Putting an ‘e’ at the end of words (ie Pointe, Crowne) makes something fancy as shite.
Which essential oils calm down household family members? Chloroform?
It’s chloroform isn’t it?
I could be a masseuse, or I could just be pulling your leg.
If you don’t tell me I’m on speakerphone then I’m not responsible for your kids learning new words.
people who own banana costumes will wear that shit to anything. its labor day and theyre like waittt u know what would be perfect rn
Neighbor: Omg, is that a hickey?
Me, flashing back to burning my neck with a curling iron: Yup, I still got it.
The Purge: Valentine’s Day
I don’t care if you talk behind my back.

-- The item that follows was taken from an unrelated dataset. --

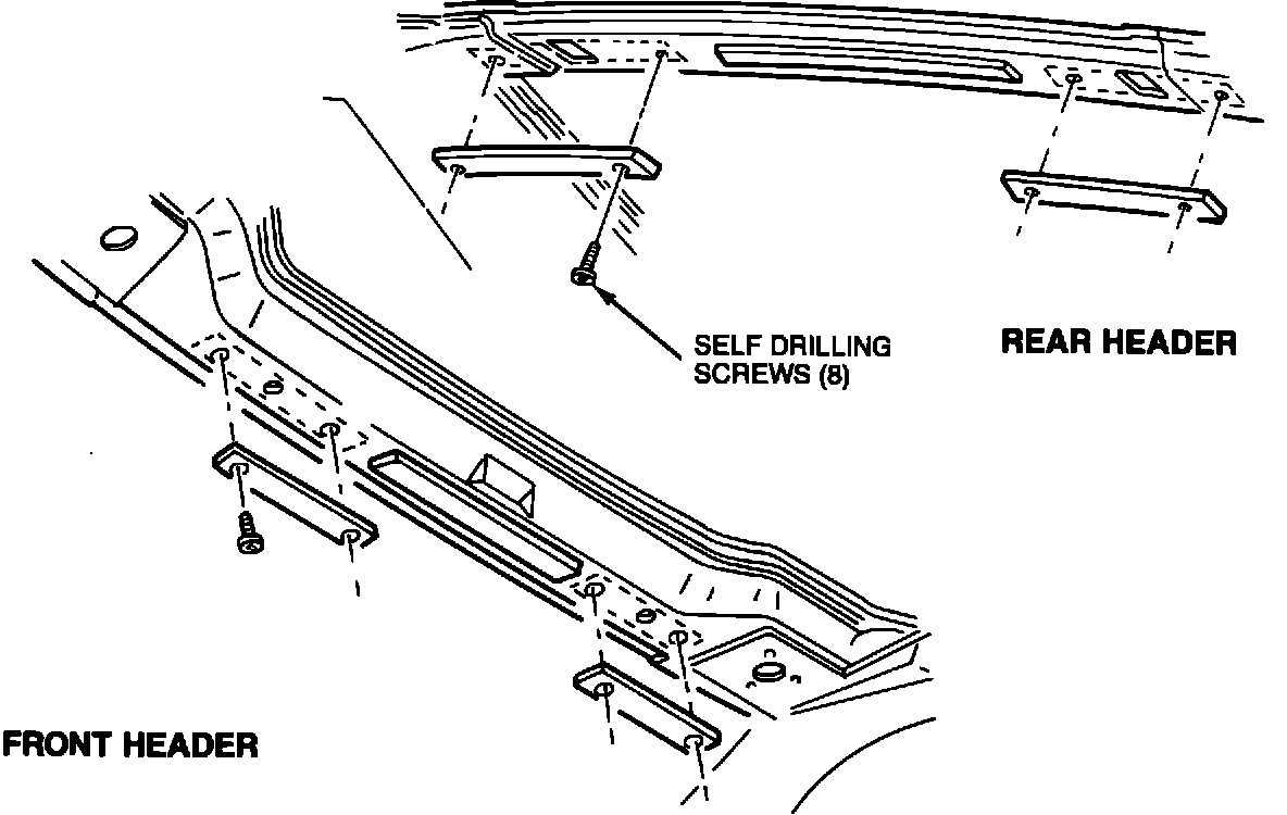 5. Attach the four additional male Velcro (R) strips to the front and rear headers as indicated in Figure 3 using the eight self-drilling screws provided.
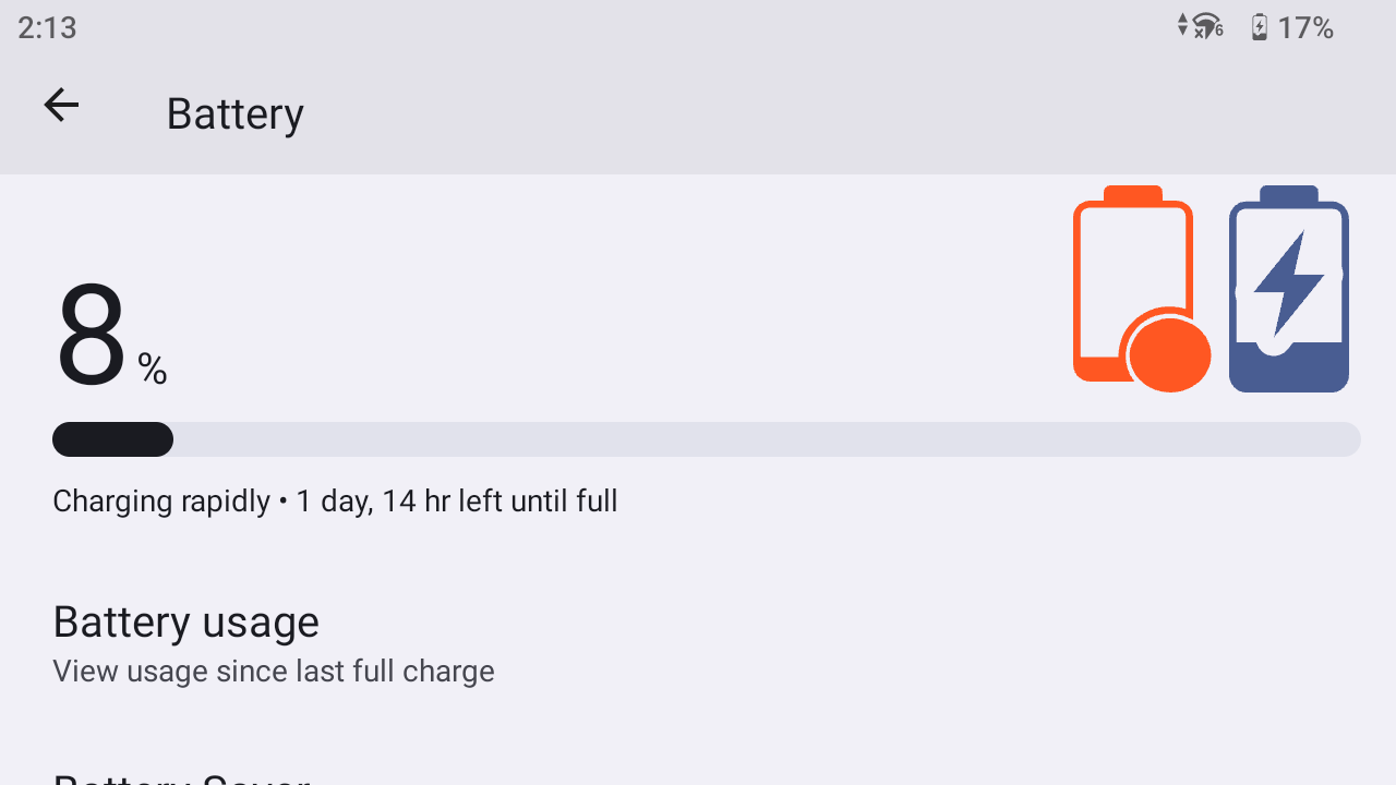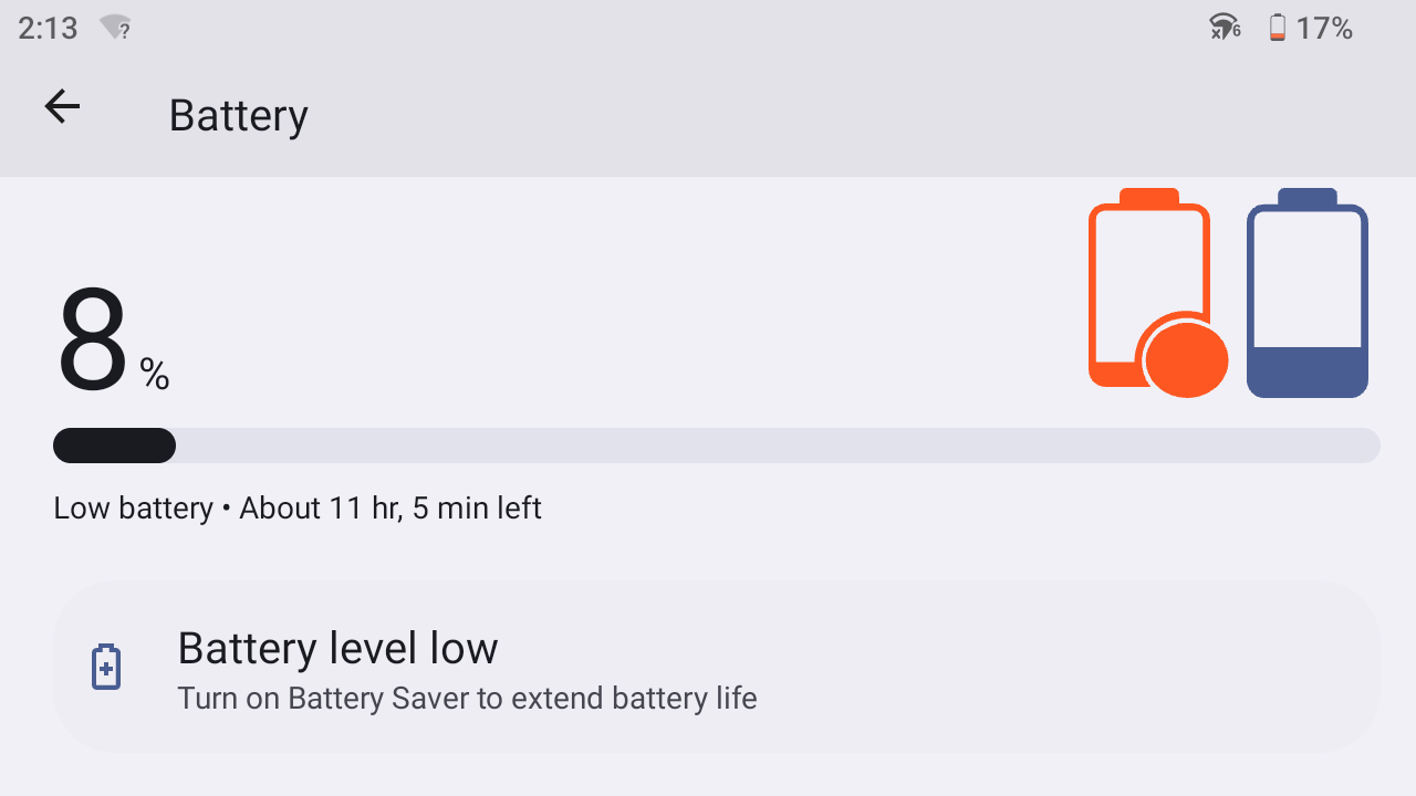 the Battery settings screen below is showing 0% charge for the accessory removable battery and 17% charge for the internal battery, with a combined total charge of 8%:

Just speak up so I can hear you too.
i hope i didn’t end up marrying the smelly kid in school like my husband did
How many pieces of chocolate is too many? Please say upwards of 27.
If you are farther than me in candy crush I will automatically think you are smarter than me.
I feel confident that the person who created banana Laffy Taffy had never even seen a banana.
Don’t judge me for my 2-year-old having a pacifier in her mouth.
Judge me for not having any idea where this pacifier came from.
Me: *looks away for 5 seconds*
Toddler: *crashes the stock market*
Peter Pan: just think happy thoughts!
Me: um, ok
[1 hour later]
Peter: *pouring prozac into my hand* look we don’t have all goddamn night
Wow, pretty rude for people to exist that are younger & hotter than me but OK
The escalator at the gym is broken, this is BULLSHIT.
Firecrackers let you know how close drunk people are to your house.
If you’re in a wheelchair and you say your date stood you up, it’s unclear to me whether your night was lousy or remarkable.
Me: So what do you do?
Her: I research genomes
Me: *trying to impress* I love those guys, but you know it’s actually pronounced ‘gnomes’
When the priest says “Body of Christ” I say “Thanks, I’ve been working out.”
Then I grab the cracker and run back to my seat.
“Oh, I like your coat!”
“What? This old rag? It cost 2p! I’ve had it for ten years. I found it in a bin. It’s seen better days. I hate it. Been meaning to get a new one. Thank you, though!”